Supplied material |
┄┄┄┄┄┄

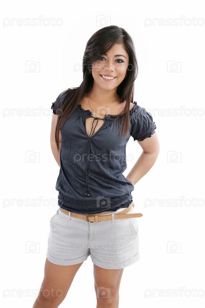 Красивая девушка улыбается и смотрит в камеру, изолированная на белом фоне
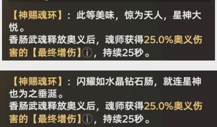 这款被玩家称为「香肠神赐」的魂环,可为角色提供25%的奥义伤害加成。实测数据显示:
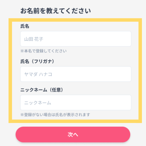 氏名は、必ずフルネーム(本名)で登録してください。
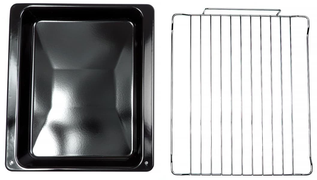 В комплектации присутствует только глубокий противень и решетка. Противень для выпечки найти сложнее, чем для стандартной духовки, но нам удалось.

┄┄┄┄┄┄

Description of the task |
Repeat the listing word for word, and skip every picture it contains.

Solution to this exercise |
 Красивая девушка улыбается и смотрит в камеру, изолированная на белом фоне
 这款被玩家称为「香肠神赐」的魂环,可为角色提供25%的奥义伤害加成。实测数据显示:
 氏名は、必ずフルネーム(本名)で登録してください。
 В комплектации присутствует только глубокий противень и решетка. Противень для выпечки найти сложнее, чем для стандартной духовки, но нам удалось.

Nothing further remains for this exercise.